• _Items listed in a dataset_:

*** Block opens ***

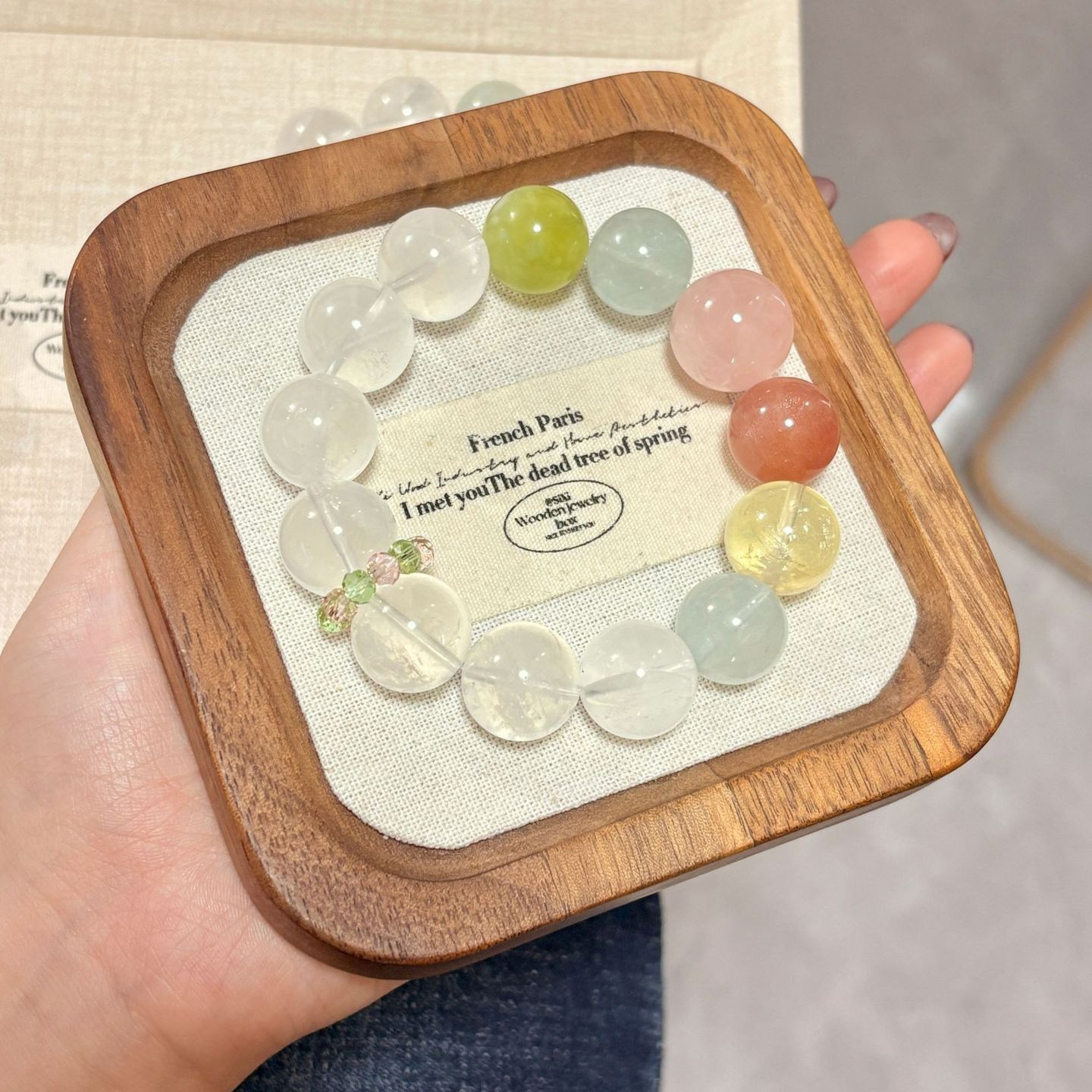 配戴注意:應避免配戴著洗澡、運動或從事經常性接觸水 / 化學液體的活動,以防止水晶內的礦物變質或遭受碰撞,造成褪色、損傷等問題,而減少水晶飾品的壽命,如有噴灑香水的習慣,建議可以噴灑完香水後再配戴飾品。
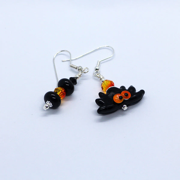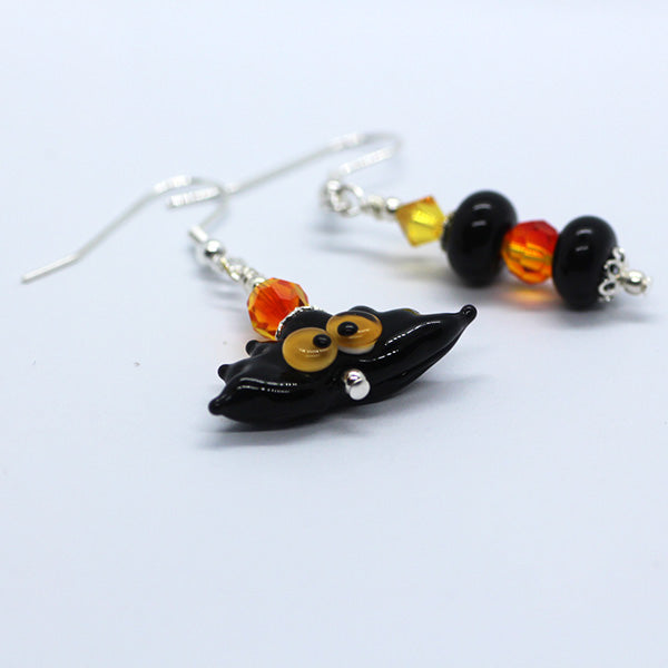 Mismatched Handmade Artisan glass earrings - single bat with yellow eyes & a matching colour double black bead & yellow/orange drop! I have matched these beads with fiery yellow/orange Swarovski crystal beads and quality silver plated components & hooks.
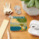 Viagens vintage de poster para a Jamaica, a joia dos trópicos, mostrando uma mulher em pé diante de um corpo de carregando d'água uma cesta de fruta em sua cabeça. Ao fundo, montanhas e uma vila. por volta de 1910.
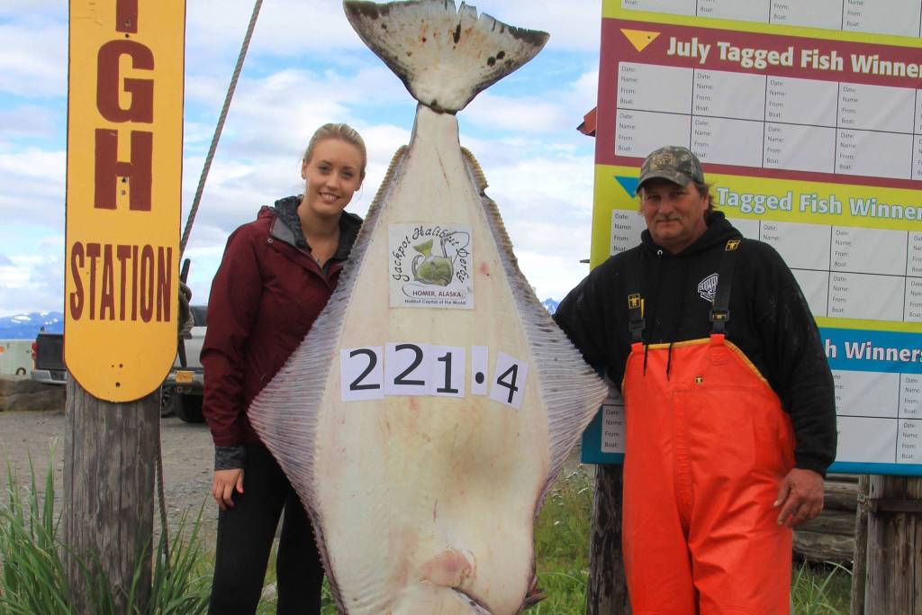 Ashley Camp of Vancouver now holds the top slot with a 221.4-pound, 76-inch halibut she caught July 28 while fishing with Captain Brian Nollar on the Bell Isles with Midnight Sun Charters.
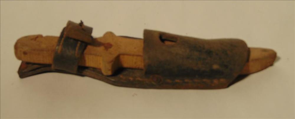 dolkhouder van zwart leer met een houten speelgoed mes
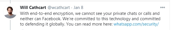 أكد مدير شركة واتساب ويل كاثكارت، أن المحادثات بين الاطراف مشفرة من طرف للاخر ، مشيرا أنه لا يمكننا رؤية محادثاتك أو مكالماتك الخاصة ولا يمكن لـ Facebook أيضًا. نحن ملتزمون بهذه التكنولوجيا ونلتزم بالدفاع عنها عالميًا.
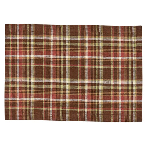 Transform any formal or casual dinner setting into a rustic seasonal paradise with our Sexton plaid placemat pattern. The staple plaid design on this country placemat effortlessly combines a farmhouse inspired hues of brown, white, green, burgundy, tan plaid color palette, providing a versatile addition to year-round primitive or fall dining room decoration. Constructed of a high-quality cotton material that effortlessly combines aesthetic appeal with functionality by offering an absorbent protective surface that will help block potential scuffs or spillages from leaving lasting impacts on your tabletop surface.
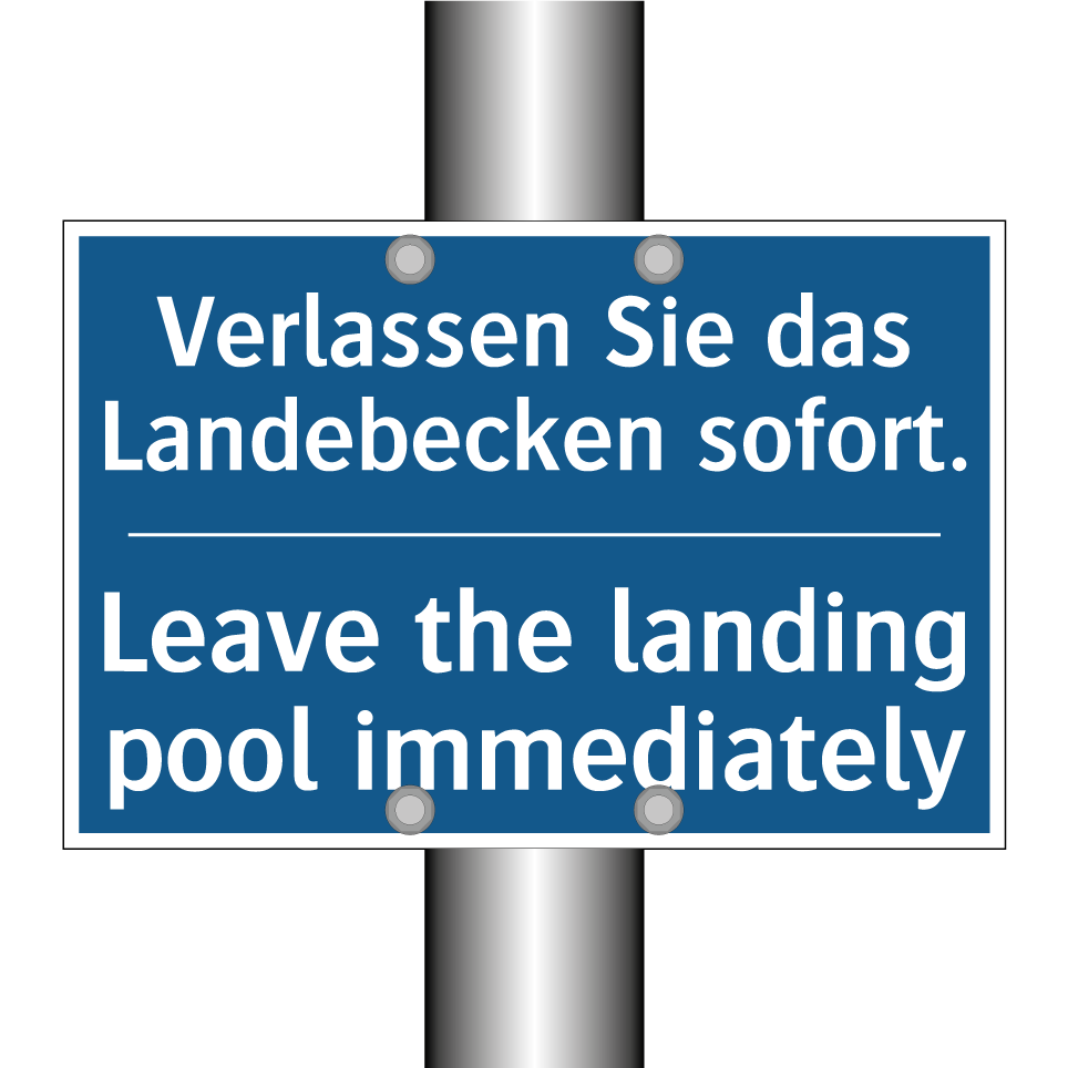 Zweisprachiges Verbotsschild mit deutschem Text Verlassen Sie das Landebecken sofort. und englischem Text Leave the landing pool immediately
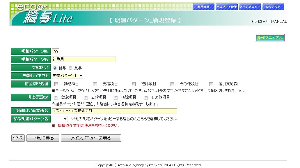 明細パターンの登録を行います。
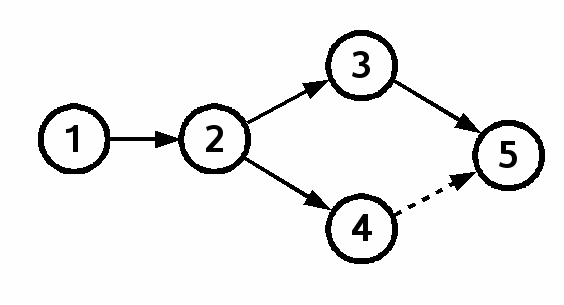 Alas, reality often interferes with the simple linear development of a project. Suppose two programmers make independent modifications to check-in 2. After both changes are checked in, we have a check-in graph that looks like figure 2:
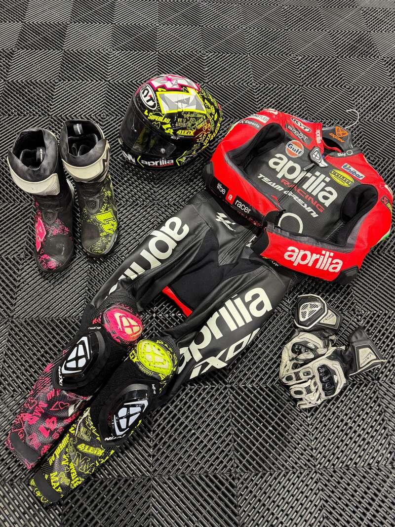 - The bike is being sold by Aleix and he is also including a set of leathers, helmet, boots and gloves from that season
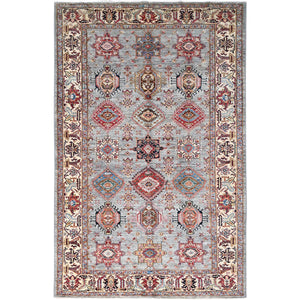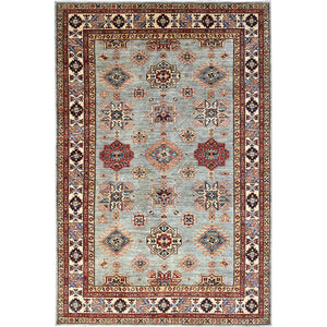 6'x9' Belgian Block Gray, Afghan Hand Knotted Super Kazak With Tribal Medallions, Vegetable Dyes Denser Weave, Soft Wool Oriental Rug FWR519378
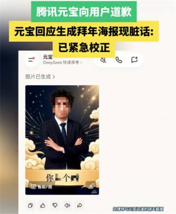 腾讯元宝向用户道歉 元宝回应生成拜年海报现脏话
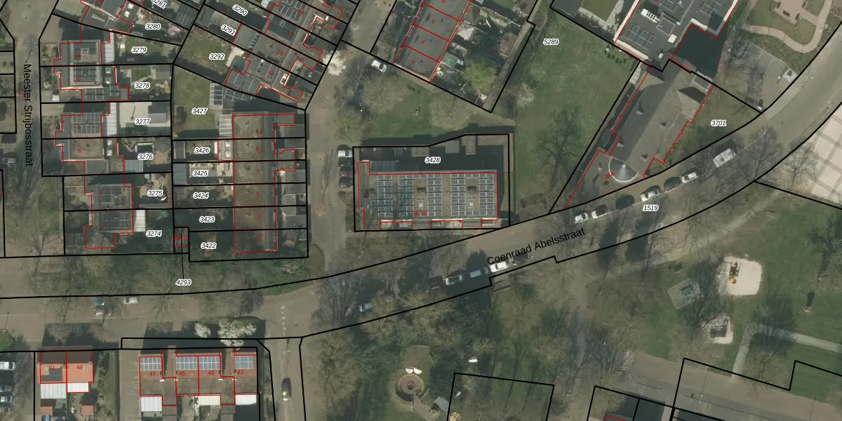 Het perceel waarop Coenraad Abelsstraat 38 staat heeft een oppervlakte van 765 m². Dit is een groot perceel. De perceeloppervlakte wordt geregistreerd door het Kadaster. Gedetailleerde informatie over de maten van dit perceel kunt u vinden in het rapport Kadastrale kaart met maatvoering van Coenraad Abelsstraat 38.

*** Block closes ***

• _Your goal_:
Please print every record above exactly, but leave the pictures out.

• _Exercise answer_:
 配戴注意:應避免配戴著洗澡、運動或從事經常性接觸水 / 化學液體的活動,以防止水晶內的礦物變質或遭受碰撞,造成褪色、損傷等問題,而減少水晶飾品的壽命,如有噴灑香水的習慣,建議可以噴灑完香水後再配戴飾品。
 Mismatched Handmade Artisan glass earrings - single bat with yellow eyes & a matching colour double black bead & yellow/orange drop! I have matched these beads with fiery yellow/orange Swarovski crystal beads and quality silver plated components & hooks.
 Viagens vintage de poster para a Jamaica, a joia dos trópicos, mostrando uma mulher em pé diante de um corpo de carregando d'água uma cesta de fruta em sua cabeça. Ao fundo, montanhas e uma vila. por volta de 1910.
 Ashley Camp of Vancouver now holds the top slot with a 221.4-pound, 76-inch halibut she caught July 28 while fishing with Captain Brian Nollar on the Bell Isles with Midnight Sun Charters.
 dolkhouder van zwart leer met een houten speelgoed mes
 أكد مدير شركة واتساب ويل كاثكارت، أن المحادثات بين الاطراف مشفرة من طرف للاخر ، مشيرا أنه لا يمكننا رؤية محادثاتك أو مكالماتك الخاصة ولا يمكن لـ Facebook أيضًا. نحن ملتزمون بهذه التكنولوجيا ونلتزم بالدفاع عنها عالميًا.
 Transform any formal or casual dinner setting into a rustic seasonal paradise with our Sexton plaid placemat pattern. The staple plaid design on this country placemat effortlessly combines a farmhouse inspired hues of brown, white, green, burgundy, tan plaid color palette, providing a versatile addition to year-round primitive or fall dining room decoration. Constructed of a high-quality cotton material that effortlessly combines aesthetic appeal with functionality by offering an absorbent protective surface that will help block potential scuffs or spillages from leaving lasting impacts on your tabletop surface.
 Zweisprachiges Verbotsschild mit deutschem Text Verlassen Sie das Landebecken sofort. und englischem Text Leave the landing pool immediately
 明細パターンの登録を行います。
 Alas, reality often interferes with the simple linear development of a project. Suppose two programmers make independent modifications to check-in 2. After both changes are checked in, we have a check-in graph that looks like figure 2:
 - The bike is being sold by Aleix and he is also including a set of leathers, helmet, boots and gloves from that season
 6'x9' Belgian Block Gray, Afghan Hand Knotted Super Kazak With Tribal Medallions, Vegetable Dyes Denser Weave, Soft Wool Oriental Rug FWR519378
 腾讯元宝向用户道歉 元宝回应生成拜年海报现脏话
 Het perceel waarop Coenraad Abelsstraat 38 staat heeft een oppervlakte van 765 m². Dit is een groot perceel. De perceeloppervlakte wordt geregistreerd door het Kadaster. Gedetailleerde informatie over de maten van dit perceel kunt u vinden in het rapport Kadastrale kaart met maatvoering van Coenraad Abelsstraat 38.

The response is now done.